En la banda, un bato loco tiene armas y puede posponer o evitar la muerte. No hay muchas elecciones en Logan Heights. Y una de éstas es vivir y morir como un bato loco, volando a gran altura, o morir sin gracia, sin ser de nadie. O perteneces a la banda o no perteneces a nada: o eres banda o no te reconoce ni tu familia.

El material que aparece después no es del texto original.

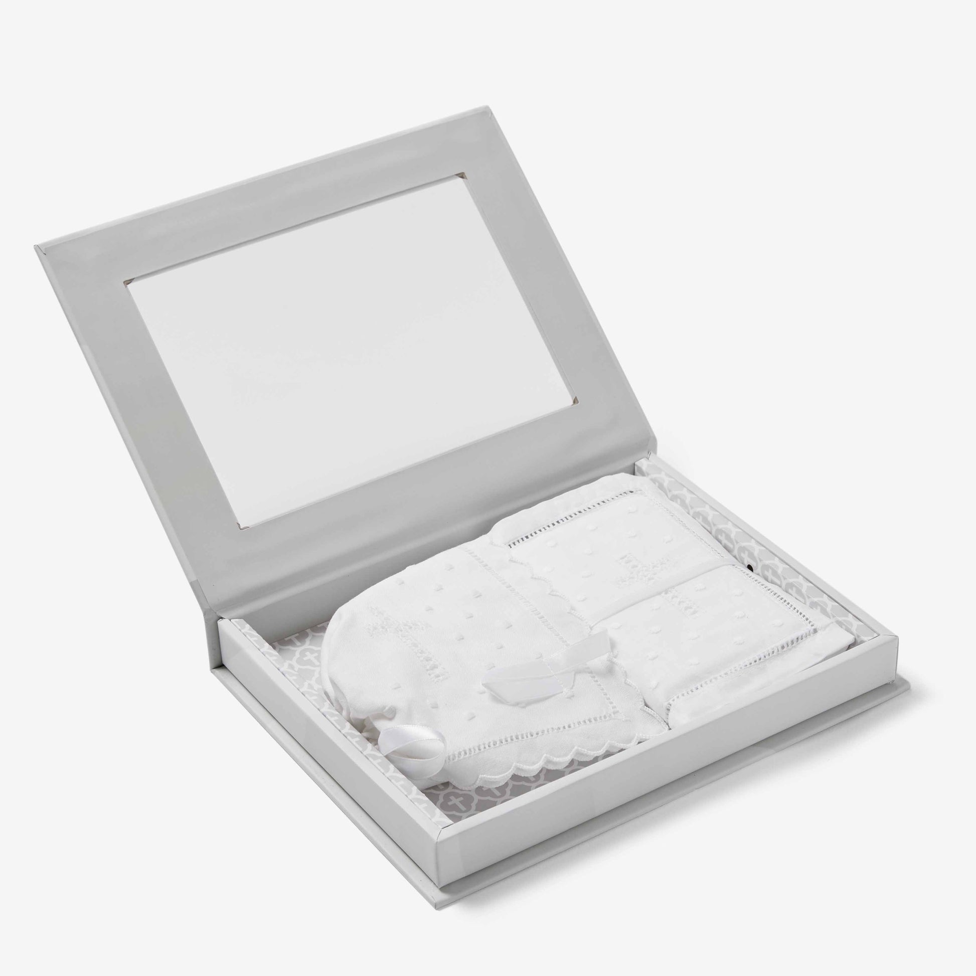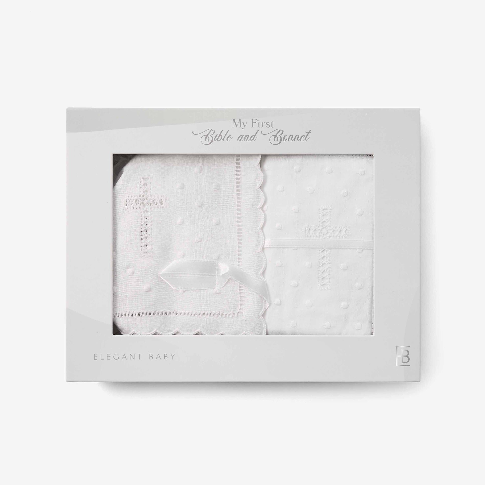 Here at Elegant Baby, we have been creating luxury Christening gifts for over 50 years--we consider them to be part of our heritage which is why we spare no detail when designing these baby milestone keepsakes. Presented in a beautiful baby gift box that reads 'My First Bible & Bonnet,' this beautifully designed heirloom set is the perfect luxury Christening gift for any baby girl or boy. Sweet swiss-dot cotton details further elevate this luxury Christening gift set while giving it a vintage, heirloom look with modern feel.
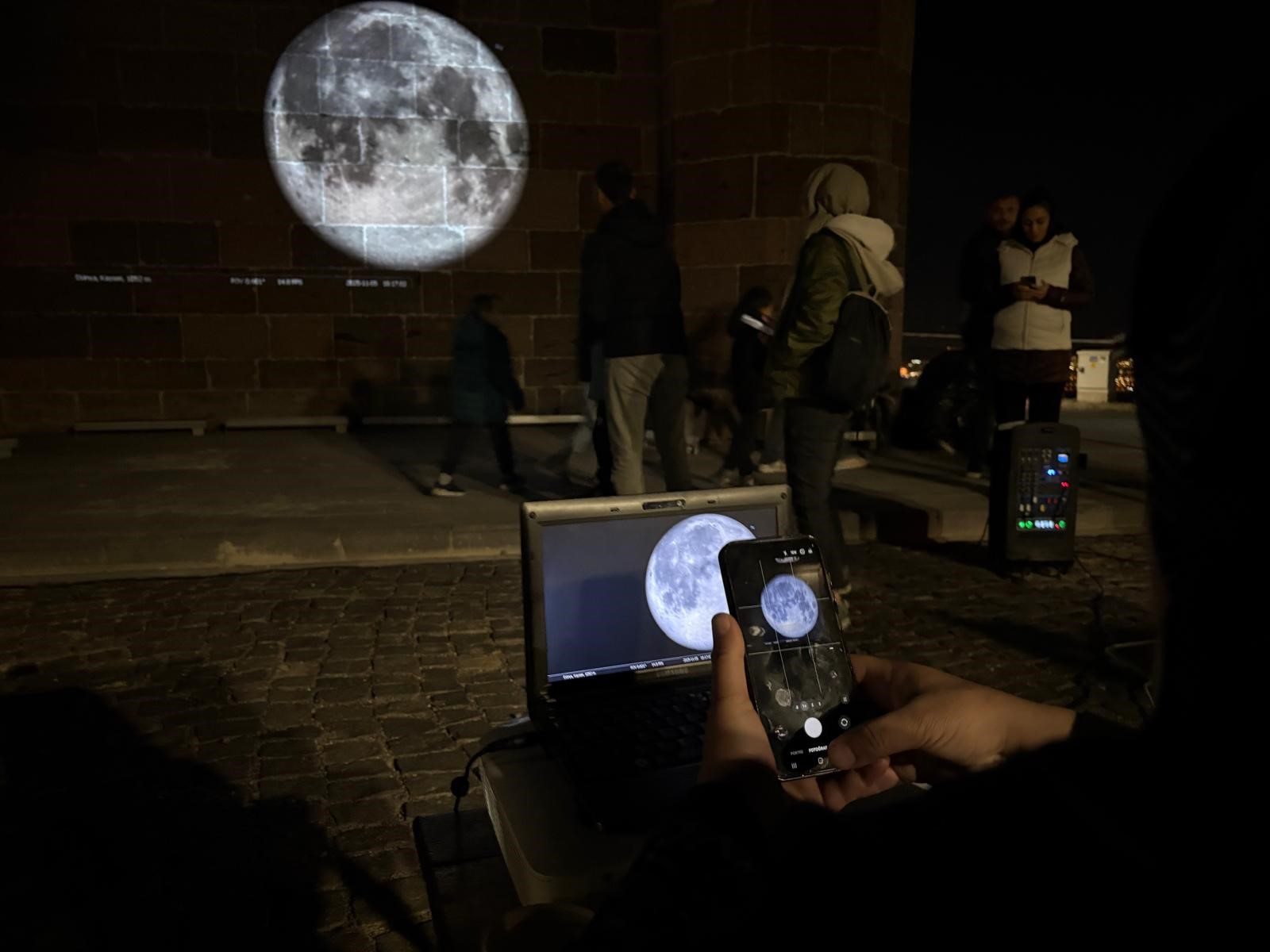 Hıdırellez Gök Gözlem Evi'nin sorumlusu Astronom Tamer Akın, "Ay Dünyamıza en yakın konumda. Ay Dünyamızın etrafında eliptik yörüngede döndüğü için bugün en yakın konumda olmuş oluyor. Yaklaşık 365 bin kilometre gibi bir yakınlıkta. En uzun konumu da 410-415 bin kilometre gibi olmuş oluyor. Normal dolunay zamanından yüzde 15 daha büyük ve yüzde 30 daha parlak gözüküyor. Şu anda Süper Ay'ı canlı olarak Hıdırellez Köşkü'nün duvarına yansıttık. Bu güzel gökyüzü olayında başta Kayseri halkımız ve çocuklarımız olmak üzere burada evrene bir pencere açmış oluyoruz. Geleceğin Alper Gezeravcıları, geleceğin astronotları Kayseri'den neden çıkmasın diye bir amaç içerisindeyiz. Bu akşam da katılımcılarımızın çok memnun kalacağını düşünüyorum. Baştan kendileri Ay'ı çıplak gözle gözlemlemiş olacaklar. Büyüklüğünü ve parlaklığını gözlemleyecekler. Daha sonra gök gözlemevimize gideceğiz, oradaki teleskopumuzdan Ay'ın kraterlerine kadar kendilerine sörf yaptırmış olacağız. İnşallah buna benzer gök olaylarında tüm Kayseri halkımızı buraya bekliyoruz" diye konuştu.
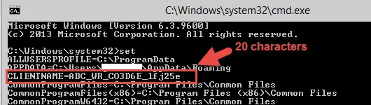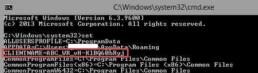 What you’ll see if you launch the command prompt from a web browser with this checked is this. You can see the CLIENTNAME variable is “WR_” followed by the randomly generated ID:
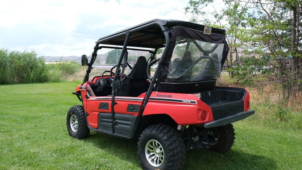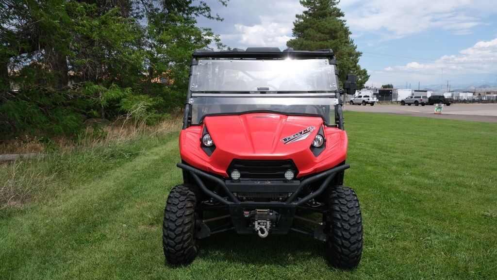 STOCK NUMBER: 3923 2013 Kawasaki Teryx® 4 750 FI 4x4 LEThe Kawasaki Teryx® 750 FI 4x4 LE packages the best off-road features into one stylish and durable side x side. This deluxe Teryx™ includes a cab roof to help shield occupants from the sun, a deflector windshield to help divert mud, rocks and other trail debris that might splash over the hood, a retractable dual cup holder, and a high quality, automotive-style paint finish that is more scratch resistant than an average side x side’s plastic body panels.

¿Naciste en Logan Heights y te sientes solo? ¿Te alimentas de una mezcla de sueños de grandeza y desamparo? ¿Careces de apoyo? No te preocupes, a la hora menos pensada un bato loco llamará a tu puerta. Entonces te convertirás en uno de ellos. Quizá tus padres sean inmigrantes mexicanos, quizá ni lo sepas. Lo seguro es que un disparo desde un auto en marcha te perforará el estómago; te arrestarán por venta de crack, portación de arma y asalto; perforarás el estómago del hombre que impida el robo de su auto; cobrarás fama como bueno pa’ los chingazos, la cobrarás porque un día te mediste con catorce cabrones y uno terminó con diez cortes de navaja en la cabeza; y andarás prófugo y traficarás con PCP y portarás una identificación falsa y nadie te ganará en el arte de la sobrevivencia. Y en cierta ocasión recibirás la orden de matar al Chapo. Estudiarás sus costumbres, ubicarás sus casas de seguridad en Guadalajara, recibirás armas de Tijuana y te mantendrás pendiente de sus movimientos con el deseo picante de emboscarlo.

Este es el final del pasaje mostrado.